Or do they leave underwhelmed, wondering why they’d left the comfort of their home on a cold, wet night, wishing they’d not put a dent in their wallet?
In the case of The Salwey Arms, it was very definitely the former.
Two days earlier, I’d been talking to a chef from a restaurant far, far away. It was gunning for a Michelin star and he’d featured in front of an audience of more than a million that week, cooking dishes for prime-time TV.
Such is the life of fast-lane-living, fast-car-driving, celebrity cooks. He’d just opened a new place, very different to his accolade-hunting, headling-grabbing restaurant. It was a pub and, yes, it did fish and chips as well as a decent steak.
He’d been eulogising the delights of such classics, explaining that however humble the dishes might seem, there was some sort of culinary honour in getting them right.

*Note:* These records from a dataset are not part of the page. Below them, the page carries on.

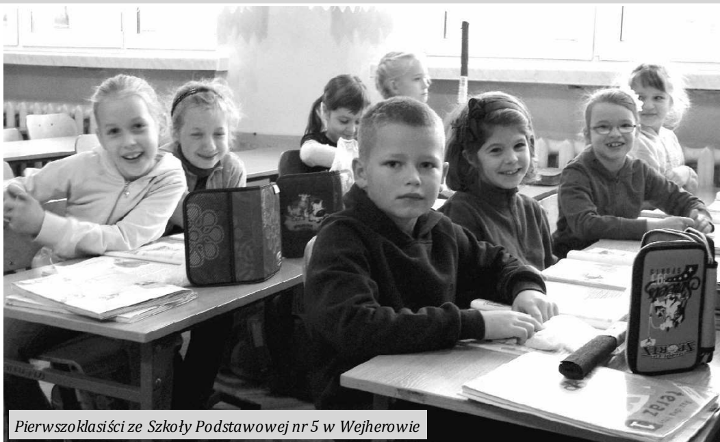
Pierwszoklasiści ze Szkoły Podstawowej nr 5 w Wejherowie

Władze Wejherowa zdobyły środki na realizację projektu "Czytam, liczę, rozwijam swoje zainteresowania - dobry start w edukację - indywidualizacja procesu nauczania i wychowania uczniów klas I-III szkół podstawowych w Gminie Miasta Wejherowa".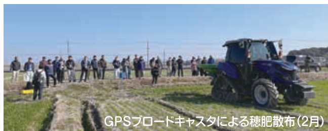
GPSブロードキャストによる穂肥散布(2月)

農作物の収量・品質向上や労力不足といった課題の解決策として、管内では直進アシスト機能付きの田植機の導入や農業用ドローンによる農薬散布などのスマート農業に取り組む事例が増加しています。当課では、スマート農業技術の活用をさらに促進するため、小麦における自動可変施肥の実証を行いました。小麦の穂肥や実肥の散布は、動力散布機を用いて行われることが多く、身体的な負担が大きい作業です。また、作業者の経験や勘に基づいて散布されることから、散布ムラが生じやすく、収量や品質がばらつく原因のひとつとなっています。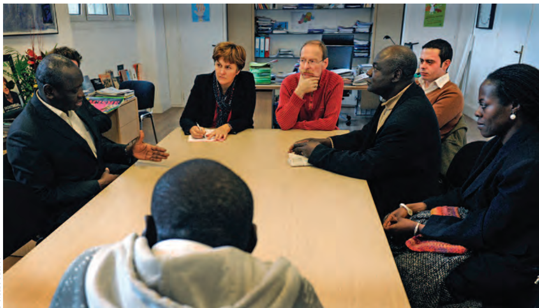
Des représentants de la communauté malienne discutent avec la Maire, des conseillers municipaux et des élus locaux.

L'inquiétude, mais surtout l'incertitude, se lit sur tous les visages. La Maire propose une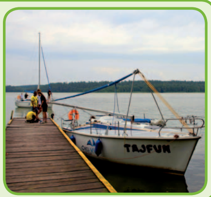
Озеро Нидское, фото GEP Chroszcz

Озеро, окруженное обширным бором Пишской пущи – это без сомнения одно из самых красивых озер Мазурского поозерья. Площадь поверхности озера составляет 1,8 тыс. га. Длина озера 23 км, ширина от 200 м до 2 км, а глубина 23 м. Водоем образовался в пропасти, оставленной после последнего схождения ледника. Типичными для таких озер являются высокие и крутые берега. Привлекательность водоему придают многочисленные бухты и 13 островов, главным образом находящихся в окрестностях Нида. Полоса леса вдоль берега, а также само озеро, находится под охраной. На этих территориях был основан ландшафтный заповедник Озеро Нидское, площадь поверхности которого составляет почти 3 тыс. га. Благодаря этому на водах озера всегда тихо и спокойно – в заповеднике на озере необходимо соблюдать тишину.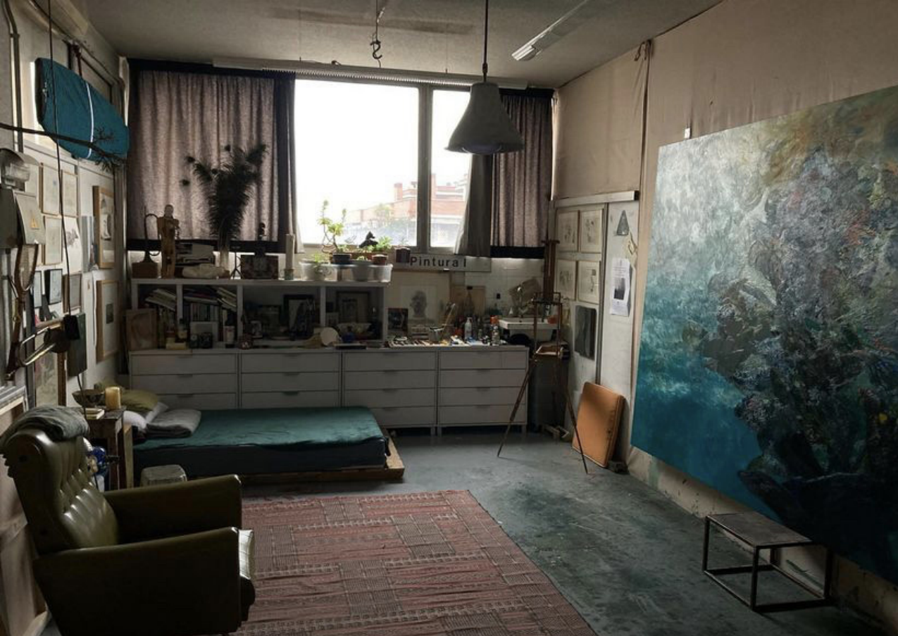
GUILLERMO OYAGÜEZ MONTERO

Mi estudio no es grande, no creo llegue a 20 metros cuadrados, aún así pinto en él cuadros de 200x300 cm, el techo si es alto, 3 metros, mi estudio es el lugar donde me quedo cuando no hay otra opción, cuando no puedo estar donde ocurren todas las cosas, en la mayor de las inspiraciones, la calle, el paisaje.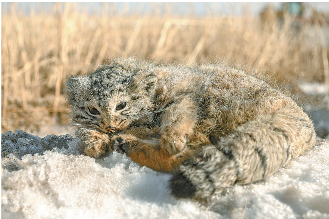
卧雪当席 锡林郭勒草原,一只兔狲在雪地上小憩。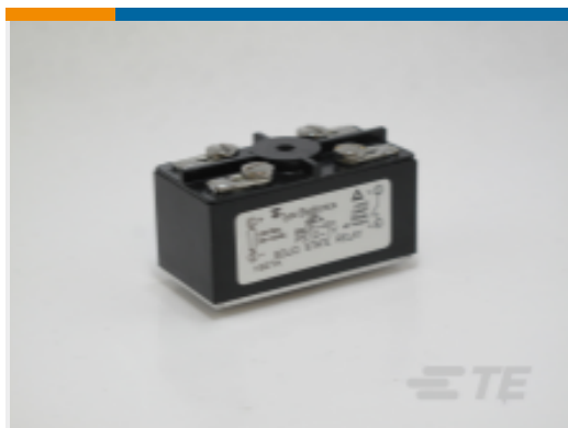
TE 系列/零件编号6-1618386-9 PS12-1Y = SOLID STATE RELAY, 10A/250VAC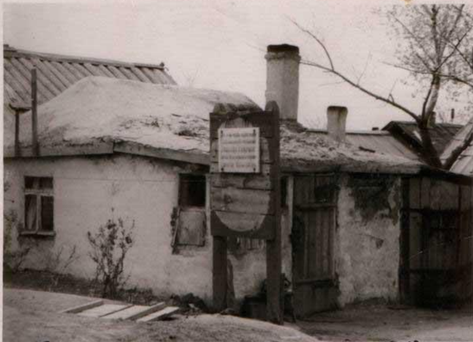
Дом где жил Сергей Тюленин до 1943 года.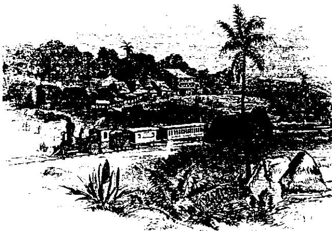
CRUZANDO EL ISTMO EN EL TREN

ridad, y preparar expediciones filibusteras que han estado a punto de lanzarse también sobre Panamá» (25)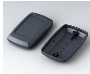
B9006828 Bottom and top part EL ABS (UL 94 HB) lava 78x48x26mm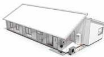
Воздушные/водяные тепловые насосы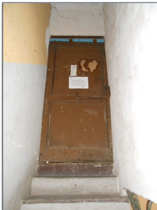
Foto 15 porta ingresso zona solai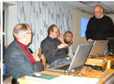
Nogle fotos fra mødet den 5. april 2006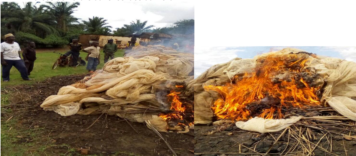
Photo : Destructions des engins illégaux de pêche saisis a la plage Nzove en commune de Giteranyi au lac Rweru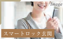
スマートロック玄関

Image スマホひとつで玄関錠の開・施錠のできる「スマートロック」システムを採用した玄関ドア。鍵を持ち運ぶ必要や複製する必要もなく、鍵の紛失するリスクを削減することもできます。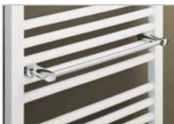
Handtuchbügel, gerade Bautiefe 75 mm passend für Baulänge 599 mm; abblängbar für Baulänge 450 mm Oberfläche alu-lackiert Art. Nr. 70 878 80 220 000 Oberfläche verchromt Art. Nr. 70 878 80 221 000 passend für Baulänge 899 mm; abblängbar für Baulänge 749 mm Oberfläche alu-lackiert Art. Nr. 70 878 80 223 000 Oberfläche verchromt Art. Nr. 70 878 80 224 000

He’d commented: “If you’re going to do fish and chips, make sure you do it better than anyone else. If you’re doing a burger, make sure it’s the best burger.”
The Salwey Arms might not be invited to glitzy award ceremonies, nor is its brigade of chefs likely to be spotted on prime-time TV, where they cook scallops and are manipulated by devious directors who want to see them sweat.
They will, however, satisfy a steady stream of customers by doing the basics well.